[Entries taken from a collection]
● ● ● ●

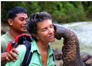
Tangkahan 📍 🚗 - ⌚ 3h 30m Bukit Lawang 📍
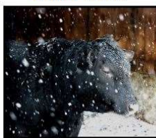
1 st Place Snowy Bull by Michaela Chalmers
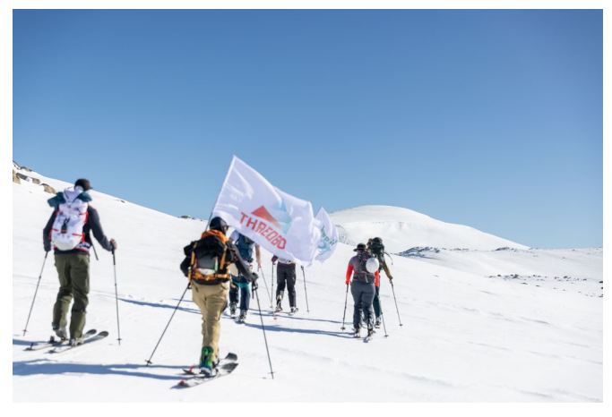
Ski touring to the top of Australia's highest peak.

With a packed schedule of events and communications, Environment Week kicked off on Monday 17 July with the annual "Tour to The Top"; a human-powered trip to the summit of Mt Kosciuszko (well, human-powered except for the initial chairlift ride which is powered by renewable electricity thanks to Thredbo's partnership with Red Energy). Throughout the bluebird touring day, the group of like-minded environmental enthusiasts discussed issues and ideas in the environment and sustainability scene.
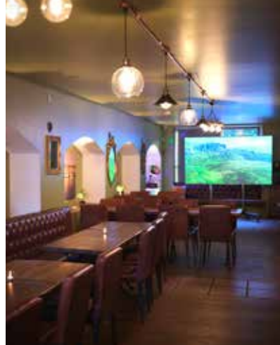
MAIN DINING, SEATS 60 / STANDING 80
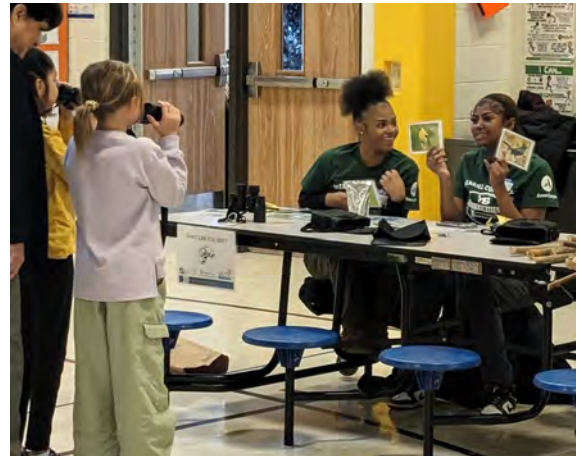
Thanks to a Morse Foundation grant, we are visiting every Beloit elementary school to present ecology fairs run by Community Action, Inc.'s Fresh Start.
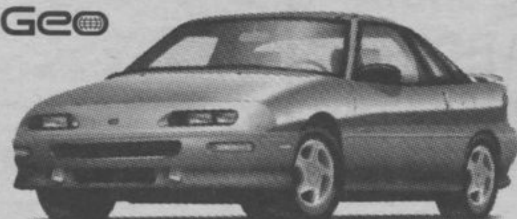
1992 GEO STORM

● ● ● ●

■ What to work on ■
Copy whichever lines above contain the string "touring".

■ Answer to this problem ■
Ski touring to the top of Australia's highest peak.
With a packed schedule of events and communications, Environment Week kicked off on Monday 17 July with the annual "Tour to The Top"; a human-powered trip to the summit of Mt Kosciuszko (well, human-powered except for the initial chairlift ride which is powered by renewable electricity thanks to Thredbo's partnership with Red Energy). Throughout the bluebird touring day, the group of like-minded environmental enthusiasts discussed issues and ideas in the environment and sustainability scene.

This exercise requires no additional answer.